We used R version 4.3.3 (R Core Team 2024) and the following R packages: abdwr3edata v. 0.0.2 (Baumer and Albert 2024), arrow v. 15.0.1 (Richardson et al. 2024), baseballr v. 1.6.0 (Petti and Gilani 2024), bench v. 1.1.3 (Hester and Vaughan 2023), broom v. 1.0.5 (Robinson, Hayes, and Couch 2023), dbplyr v. 2.5.0 (Wickham, Girlich, and Ruiz 2024), downlit v. 0.4.3 (Wickham 2023a), dplyr v. 1.1.4 (Wickham et al. 2023), duckdb v. 0.10.0 (Mühleisen and Raasveldt 2024), fs v. 1.6.3 (Hester, Wickham, and Csárdi 2023), ggplot2 v. 3.5.0 (Wickham 2016), ggrepel v. 0.9.5 (Slowikowski 2024), grateful v. 0.2.4 (Francisco Rodriguez-Sanchez and Connor P. Jackson 2023), here v. 1.0.1 (Müller 2020), Hmisc v. 5.1.2 (Harrell Jr 2024), kableExtra v. 1.4.0 (Zhu 2024), knitr v. 1.45 (Xie 2014, 2015, 2023), Lahman v. 11.0.0 (Friendly et al. 2023), latex2exp v. 0.9.6 (Meschiari 2022), LearnBayes v. 2.15.1 (Albert 2018), lme4 v. 1.1.35.2 (Bates et al. 2015), lobstr v. 1.1.2 (Wickham 2022), lubridate v. 1.9.3 (Grolemund and Wickham 2011), mdsr v. 0.2.7 (Baumer, Kaplan, and Horton 2021), metR v. 0.15.0 (Campitelli 2021), mgcv v. 1.9.1 (Wood 2003, 2004, 2011, 2017; Wood, Pya, and Säfken 2016), mlbplotR v. 1.1.0 (Carl and Kay 2023), modelr v. 0.1.11 (Wickham 2023b), patchwork v. 1.2.0 (Pedersen 2024), readr v. 2.1.5 (Wickham, Hester, and Bryan 2024), remotes v. 2.5.0 (Csárdi et al. 2024), RMariaDB v. 1.3.1 (Müller et al. 2023), rmarkdown v. 2.26 (Xie, Allaire, and Grolemund 2018; Xie, Dervieux, and Riederer 2020; Allaire et al. 2024), RSQLite v. 2.3.5 (Müller et al. 2024), rvest v. 1.0.4 (Wickham 2024), shiny v. 1.8.1 (Chang et al. 2024), skimr v. 2.1.5 (Waring et al. 2022), stringr v. 1.5.1 (Wickham 2023c), tidyverse v. 2.0.0 (Wickham et al. 2019), xml2 v. 1.3.6 (Wickham, Hester, and Ooms 2023), xtable v. 1.8.4 (Dahl et al. 2019), zoo v. 1.8.12 (Zeileis and Grothendieck 2005).

Many of the data graphics in this book use a specific shade of blue used by CRC Press and denoted by the variable crcblue in our R code.
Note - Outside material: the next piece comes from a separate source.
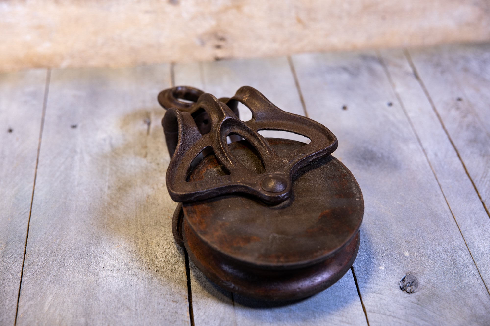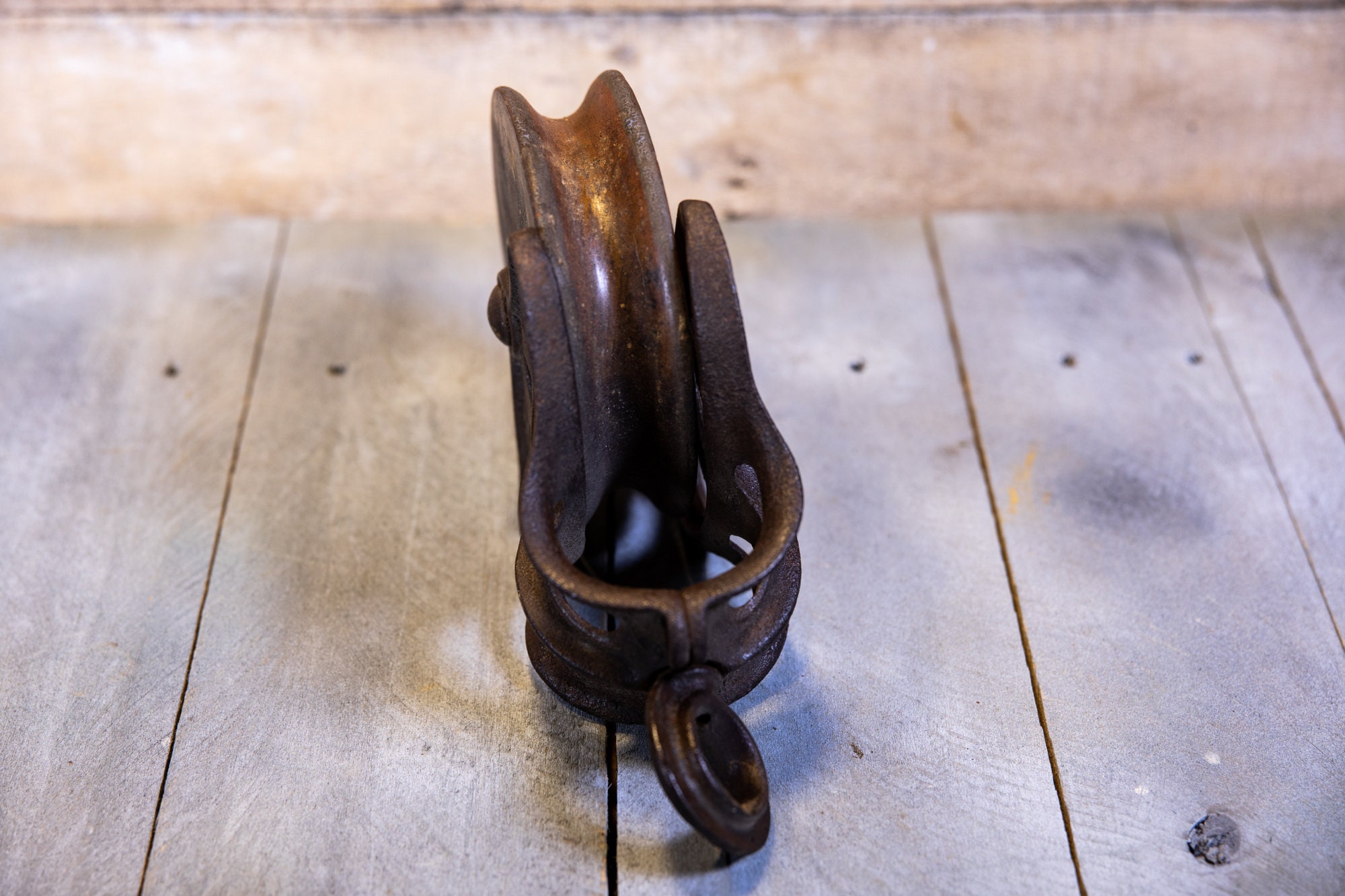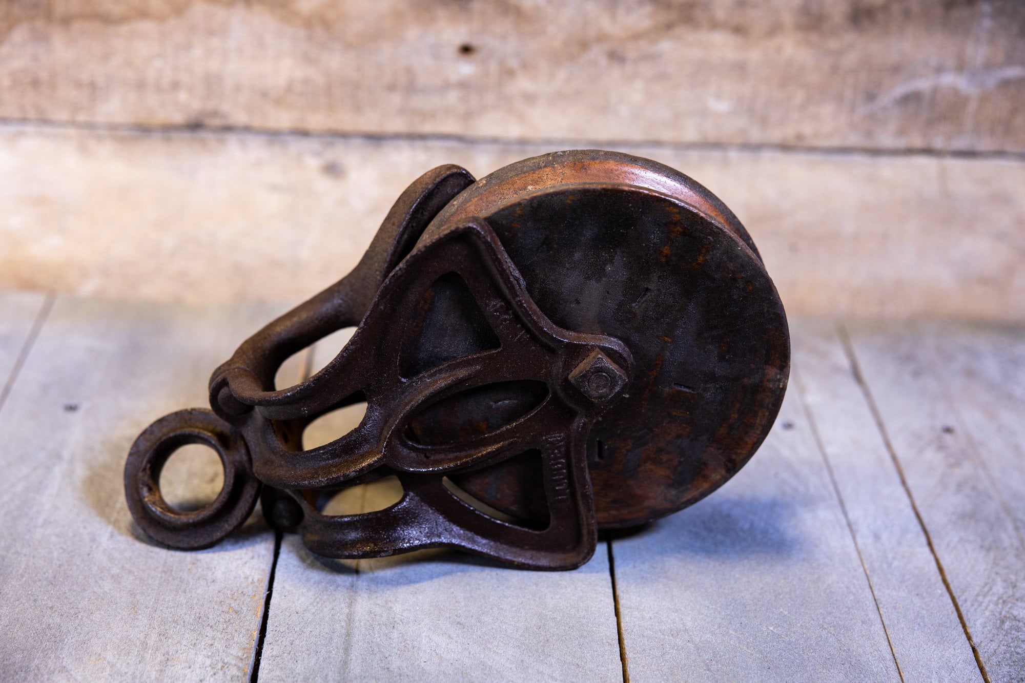 What a great-looking vintage pulley! We love finding old pulleys because they make fantastic display pieces and can even be incorporated into lighting projects. This is a Louden A-23 pulley, combining wood and cast iron for a classic rustic look. It shows normal wear consistent with its age, including some rust, but the wheel still spins freely. Perfect for farmhouse, industrial, or nautical-inspired decor, or as a unique collector’s piece. It is approx. 11" x 6" x 3.5".

To make your graphs match ours, you will need to define crcblue.

crcblue <- "#2905a1"

In this full color version of the book, we also use a pre-defined color-blind-safe diverging color palette.

crc_fc
[1] "#2905a1" "#e41a1c" "#4daf4a" "#984ea3"
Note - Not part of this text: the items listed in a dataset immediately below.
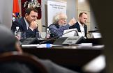 Заседание Общественного штаба по контролю и наблюдению за выборами по итогам проведения единого дня голосования прошло в Московском парламентском центре. Слева направо: президент Фонда информационной демократии Илья Массух, главный редактор радиостанции "Эхо Москвы" Алексей Венедиктов и заместитель руководителя департамента информационных технологий города Москвы Владислав Шишмарев во время заседания.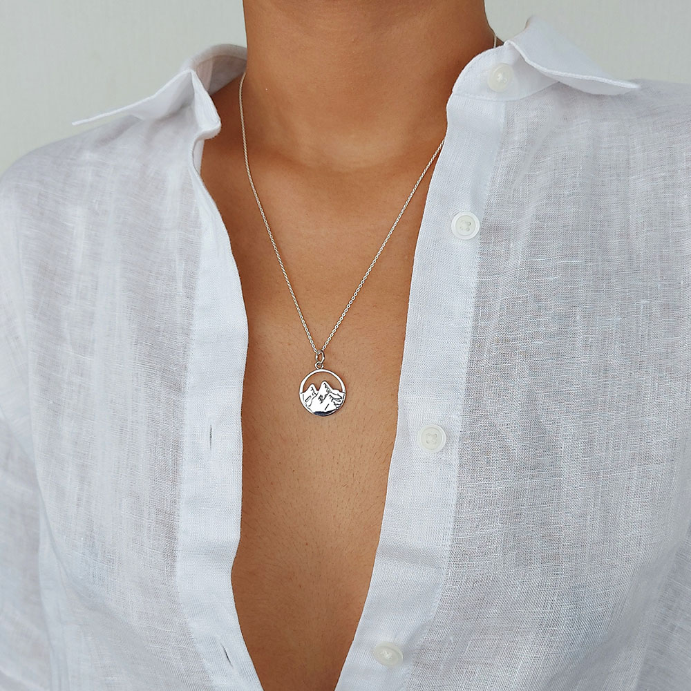 Crafted in 925 sterling silver, this mountain necklace captures the quiet strength and serenity of alpine peaks. A timeless symbol of resilience, wanderlust, and the beauty found in nature’s highest places.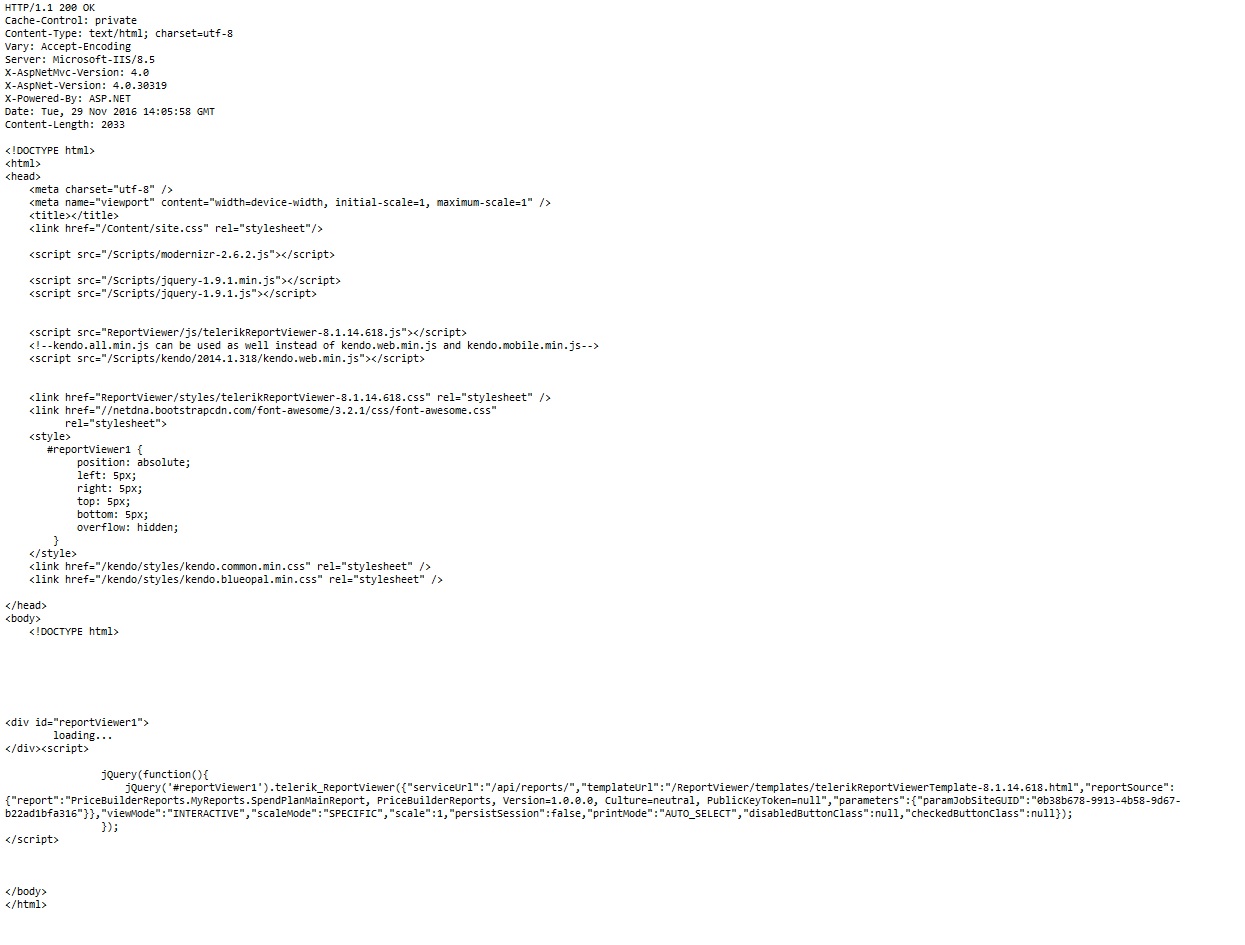 Interestingly if I hit refresh I see in Fiddler the fetches for the css and scripts and they also simply echo information that shows no errors. such as from kendo.blueopal.min.css:

Our working directory is set using the here() function from the here package. In that directory are three subdirectories that are referenced in our code: data, data_large, and scripts. The data directory contains small data files that are available on our GitHub repository, as are the R scripts in scripts. However, while the data in data_large is necessary to compile the book, it is too big to host in the GitHub repository. Instructions for creating these data files locally appear in relevant places in the book, most notably 12  Working with Large Data and Appendix A — Retrosheet Files Reference.